Campbell Burnes sets the scene for the reprise of one of rugby’s great rivalries, which must now take place in the unlikely setting of the eastern seaboard of Australia.

The All Blacks play the Wallabies more than any other team in world rugby.
They hate to lose to the English more than any other team in world rugby.
They have developed rivalries with eight other teams in world rugby, including the Lions.
But from a historical perspective, in particular, the All Blacks and the Springboks form the ultimate rugby rivalry. They have done so since the early salvoes were fired in 1921. Politics, it is true, has mixed uneasily with sport since those early first encounters. But that has only served to further ramp up the interest.
And now, as we stand on the cusp of the 100th Test match between these two mighty tribes, in the unlikely setting of Townsville, there are several added layers to spice up this eagerly awaited clash of the rugby titans.
For one, the All Blacks have not played the Springboks since Rugby World Cup 2019, a Covid-enforced hiatus of two years. We miss them. They are also RWC holders and the No 1 ranked side in the world, fit to call themselves world champs. They have just emerged victorious from a bitterly contested, bizarre series against the Lions. Their talismanic captain, Siya Kolisi, the first black man to captain the Boks, was man of the series, not long after testing positive for Covid.
Secondly, Ian Foster was recently rubber-stamped as the All Blacks coach through until the next World Cup. There is a school of thought that his charges have yet to be fully tested physically and mentally. There is a school of thought that the Boks will bring that challenge and may well expose a softish underbelly among this All Blacks team, a team full of potential yet one that still has the shadow of RWC 2019 failure hanging over it.
For those who might look into the detail of the professional rugby history stats, it might appear that the Springboks are just another team that suffers at the hands of the all-conquering All Blacks. The latter has dropped just two Tests to the Boks in the last decade, and who can forget the 2017 57-0 blanking in Albany? But dig a little deeper and one sees that, aside from three blowouts, the scores have invariably been tight. The Boks were the last team to topple the All Blacks in New Zealand (2018), and the 2015 RWC semifinal was as close as 20-18.
For those who grew up in the 1980s and recall rugby entering the consciousness post-1981, South Africa and its rugby carried mystique and mystery. There were tales of titanic clashes from tours past, of tough, sinewy, always white, Boks who went by names like Ebbo Bastard, Salty du Rand and Flippie van der Merwe.

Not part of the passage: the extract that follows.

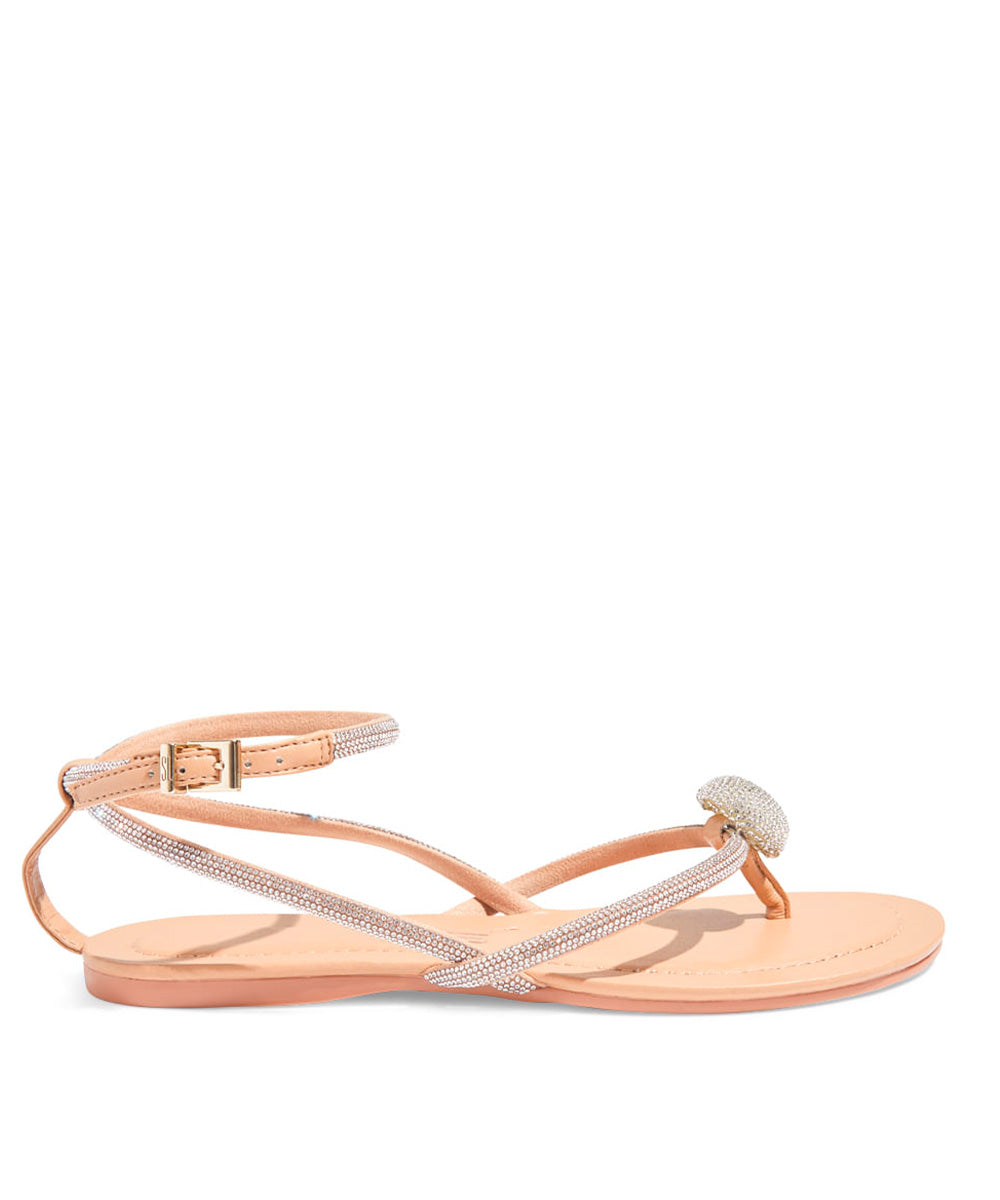 A rasteira flat, possui bico redondo, tiras finas e strass brilhosos. É uma peça refinada e versátil, perfeita para mulheres que buscam elegância, delicadeza e conforto em um único calçado.

We rarely saw them on TV so had to read about them in the tour books from the 1960s and ’70s, with Ace Parker and TP McLean the authors, among others.

brutal book cover


I knew about Hennie Muller before I read about him, thanks to the gut-busting runs which carried his name that our First XV captain loved to inflict upon us in 1989. Muller was, of course, the Boks No 8 with a big engine who disrupted the 1949 All Blacks backs with his bruising defensive game.
The Boks never lost a series anywhere from 1896 to 1956. They were the game’s unofficial world champions, much to New Zealand’s chagrin. They won four Grand Slams before the All Blacks clinched their first in 1978. They were the toughest team to beat. Now the All Blacks take that honour.

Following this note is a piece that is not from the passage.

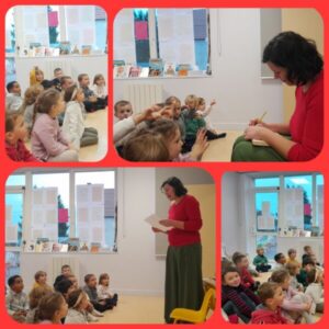 La maman de Nathna Corbizet, Gwendoline, est venue biper les trois classes. A partir des mots des enfants, elle a inventé un poème.

Such was the interest in the looming 100th Test match that the rivalry spawned two books this year, Ron Palenski’s Brutal and Jamie Wall’s The Hundred Years’ War. They follow the likes of Spiro Zavos’ 1997 Winters of Revenge and Graham Hutchins’ 1996 A Score to Settle.

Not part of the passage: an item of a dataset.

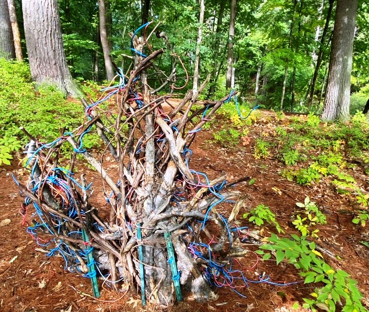 “The viewer might also feel a reference to music, particularly string instruments and musicians, and with that a suggestion of movement and rhythm within the piece. I envision this piece coexisting for a while within a peaceful, natural, woodland setting for viewers to confront quietly, and to connect to in their own personal way.”(from David Ardito’s statement about Metal String Bump )

Brutal, which carries a rare photo of a bloodied 1965 All Blacks forward pack against the Boks on its cover, is an apt title. It encapsulates the brutal nature of the rugby, not just in relation to Jaap Bekker kicking ‘Tiny’ White in the spine or Dean Greyling headbutting Richie McCaw, but the invariably relentless physicality of both teams when they face each other.
Australia can hurt you in different ways. France and England, on their day, can trouble the All Blacks. But since the first Test at Carisbrook in 1921, the Boks have consistently been up for it and the All Blacks have needed to match that fire and brimstone, while upping their game at the set-piece and collisions, not to mention in the goalkicking stakes, which cost them badly in 1949 and 1976.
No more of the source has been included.